A résumé should be about YOU! You show who you are by way of your past job positions, education history, relevant skills and abilities, and hobbies/interests…IF it shows the best YOU! If not…you leave it out.
What must be on a résumé?
Your contact information. Be clear to include your email address. Do NOT include a website IF it is not job-oriented. (Do know that serious candidates will be searched thoroughly online). Delete anything on internet you may not want a boss to view.
What is important–what experience may identify you as an exceptional hire?
If you have no good work history pertaining to the position you are applying for, then go out and get it! Volunteer your services in that area immediately. A few months of experience in a job which satisfies your current supervisor may suffice for “experience”. If you come to your résumé as qualified…make sure you are not OVERLY qualified!
How to list jobs held only during summer or holiday employment?
Many students hold part-time seasonal employment. On résumé, simply list jobs–as such, include time references as “Winter 2015” or “Summer 2010.”
What if you are still in school? Or have yet to earn degree or receive credentials?

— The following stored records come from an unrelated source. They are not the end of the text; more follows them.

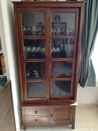 Elegante vitrina de madera maciza con un diseño clásico. Perfecta para exhibir tu vajilla o colecciones. - Estructura de madera robusta. - Puertas con paneles de cristal.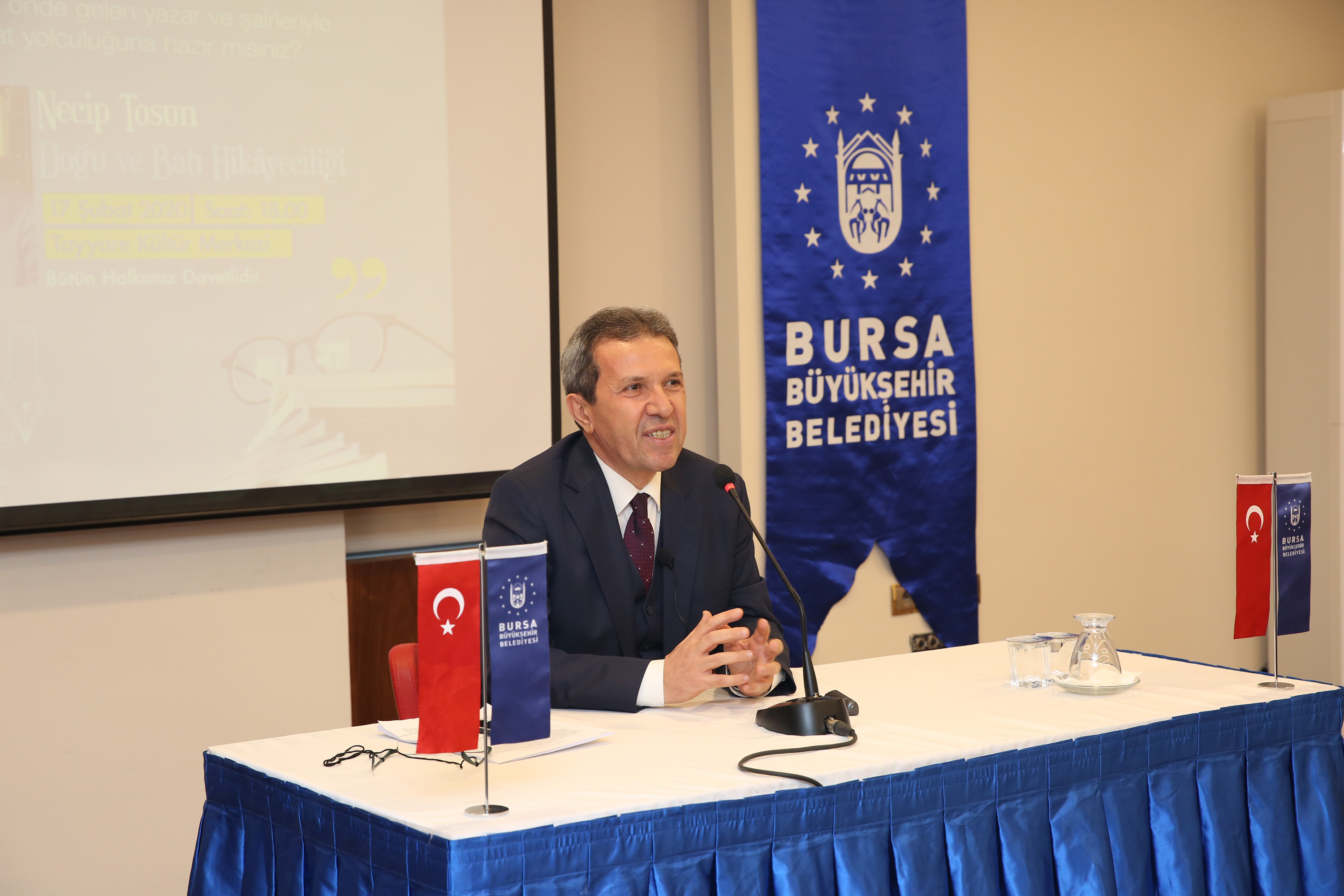 Bursa Büyükşehir Belediyesi Kültür ve Sosyal İşler Dairesi Başkanlığı tarafından ‘Edebi Şehir Bursa’ temasıyla düzenlenen ‘Bursa Edebiyat ve Yazı Akademisi’nin bu haftaki konuğu Yazar Necip Tosun oldu. Tayyare Kültür Merkezi’nde yapılan ve ilginin hayli yoğun olduğu etkinlikte Yazar Necip Tosun, ‘Doğu ve Batı Hikâyeciliğini’ anlattı. Hikâyenin bütün insanlığa bilgiyi, hikmeti anlatan bir yazım türü olduğunu ifade eden Tosun, “Hikâye insanlığın sahici bir dili ve insanlığın birikimini aktardığı temel normlardan biridir. Doğu ülkeleri hikâyeye çok önem verirken, batıya gidildikçe hikâyelerin, resim, müzik ve heykel üzerinden anlatıldığını görürüz. Biz kelimelerle sanatımızı icra etmişiz. Geçmişten günümüze bilgimizi hikâye ile aktardık. Doğu kültüründe hikâye, hikmetin bir inci olarak saklanması demektir. Kutsal kitabımıza baktığımızda önemli bir bölümünün kıssalar olduğunu görürüz. Mesela Yusuf kıssası birçok edebi metine kaynaklık etmiştir. İnsana ulaşmakta hikâyenin gücü çok yüksektir, Kuran kıssaları da bu görevi görüyor. Doğunun temel anlatıları da hikâyelere yaslanır. Binbir Gece Masalları da doğunun dünyaya bakışını anlatır. Binbir Gece Masalları batıda yayınlandığında edebiyat akımları başlamıştır. Batıyı İncil’den sonra en çok etkileyen kitap Binbir Gece Masallarıdır” diye konuştu.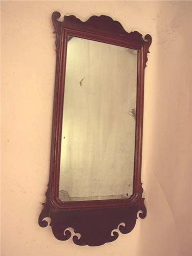 A GEORGE III MAHOGANY MIRROR LABELLED BY JOHN ELLIOT, PHILADELPHIA; English, the bilingual label describes his business on Walnut Street with other contemporary newspaper remnants, some repairs, 36"h x 18"w

Write: Eligible for U.S. credentials; Studies in Instructional Design in progress; Graduation intended June 2017; or Degree expected December 2017
What if you got your degree from a different country?

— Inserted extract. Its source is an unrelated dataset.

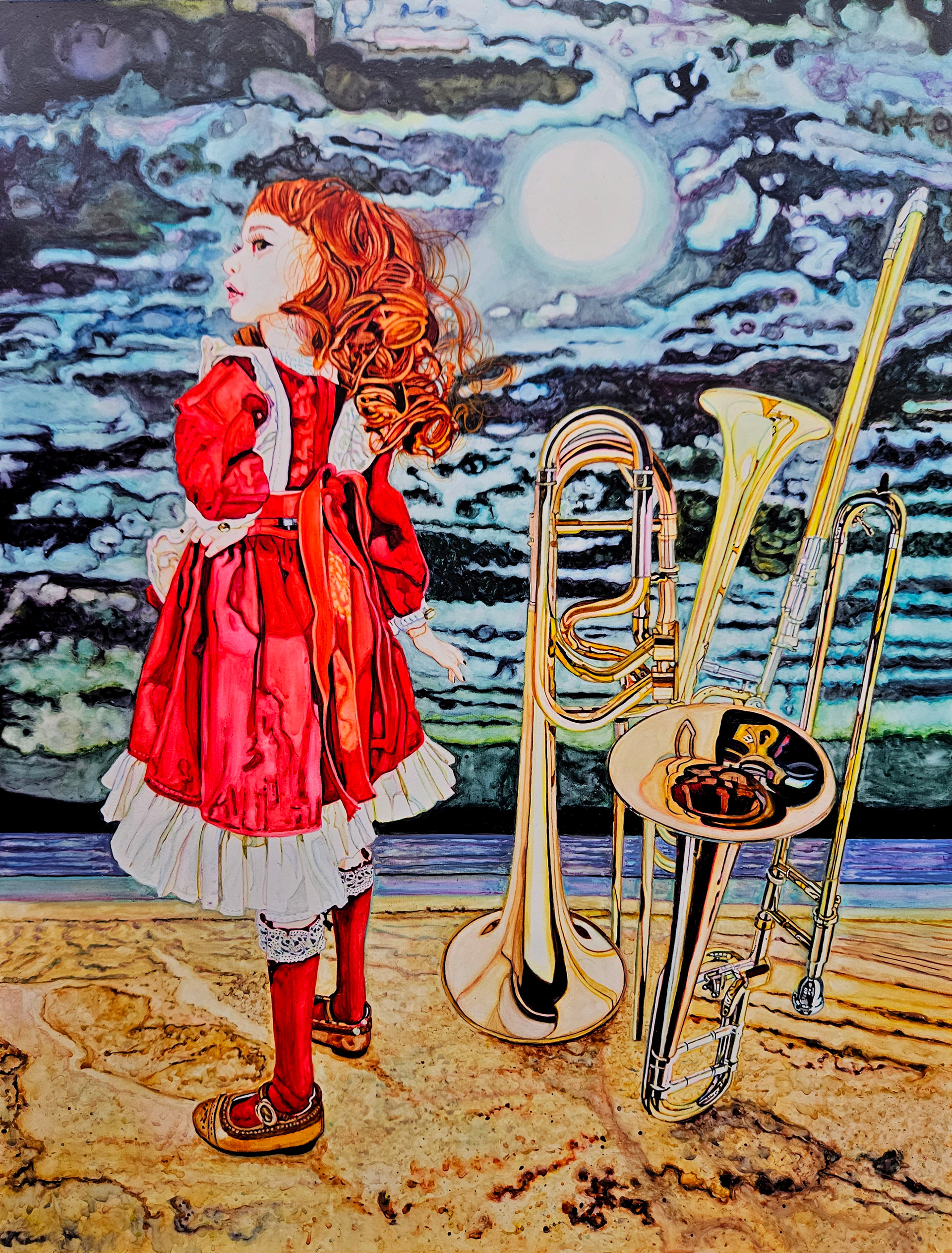 The myriad references coalesce within the studio to create a dual space, one that is both physical and psychological. Hancock merges still life and the imagination, creating a self-contained subconscious world within a single painted plane, where there is room for exploration of an un-gendered liminal space.

You can say “Equivalent to U.S. Bachelor’s Degree in Economics-St. Kitts, WI.”
Have you any space of more than a month between work experience?

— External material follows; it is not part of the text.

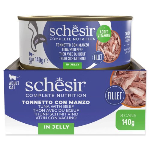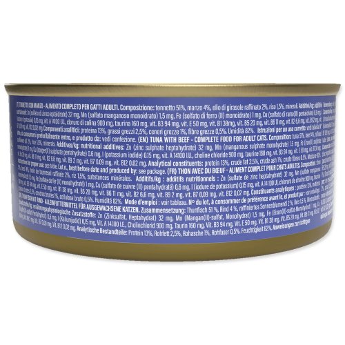 Konzerva s mäsom z tuniaka a hovädzími filetami. Doplnkové krmivo pre dospelé mačky.

Possibility: Write what you were doing in the meantime. Try NOT to leave a space. You may write 2013-15 Full-time parent; 2012-14 Maternity leave and family management; Travel and study; Full-time student; or Parenting and community service
Have you many brief positions? Perhaps they are in varied industries even?
To not look uncertain and indifferent to any position, put several of the job experiences together. For example: 2011-2013 Secretary/Receptionist; Jones Bakery, Micro Corp., Carter Jewelers & 2007-2010 Waiter/Busboy; Fine’s Restaurant, Burger Queen, Cup O’ Coffee
How to best showcase your actual work ability?
Use ACTION words, specifically highlighting any leadership or any special duties. For example use * instead of.
“cut-costs 20%” v. “managed operations”
“led motivational seminars” v. “motivated employees”
“timely counted, sorted, and delivered product“ v. “performed tasks as directed”
Am I too old? Too young?
Say you’re over 40, and you think they want a younger, eager to please person, and you are “eager.” State “Experience Desired” instead of “Work Experience” on your résumé Write in only that “experience” that qualifies, representing your “eagerness.” If not enough history–Use: “Relevant Experience” without any mention of timeframe.
Too young to have had “real” work experience? Then,…Alleviate problem by accounting your “actual” work! For example: Create a ‘self-employed’ title, i.e.
Be ready to make reference available of those people for whom you worked.
Top Interviewing Tips
Be on time. Actually, arriving approximately 10-15 mins. prior to the interview IS “on time.” It gives you an opportunity to get acquainted with the surroundings. Survey area.
Know who you will be meeting. Know the names of the interviewer(s). Visualize the introduction; practice saying difficult names.
Dress appropriately. The “blue” suit is not necessary if you are going to be a gym instructor. However, do be clean, odorless, and as “presentable” as possible. No stains, wrinkles or ill-fitting (too tight or loose) items of clothing. Wear something you feel comfy in allowing for you to concentrate more on the position and not on your attire.
Be prepared to answer “awkward” questions. Certainly, know how to respond to all questions regarding your past employment and education history. Though, most formal interviews include that one type of question not designed to dissuade the candidate from the position, but to encourage the candidate to relate an experience that was unexpected and not so desirable enabling the interviewer to see how well you behave in less than advantageous or ‘normal’ circumstances. Be POSITIVE about the experience–state how well you handled the situation and/or how much you LEARNED from it. Be truthful. If it didn’t go well? Don’t say, “I flaked out”. Say rather, “I was much concerned.” Say, “I was surprised,” not “I had no idea.” Your fault? Say, “I accepted responsibility.” If you didn’t, say, “I learned how to gauge the situation.”
Be prepared to ask a question. Prepare a few detailed questions on your tablet. Check to see if all were addressed. If they all were addressed. State a few of them and how you have understood the response. A good statement then is, “How thorough you were. Thank you for addressing all of my questions.”
REMEMBER: First impressions really do count. Be yourself–the BEST you!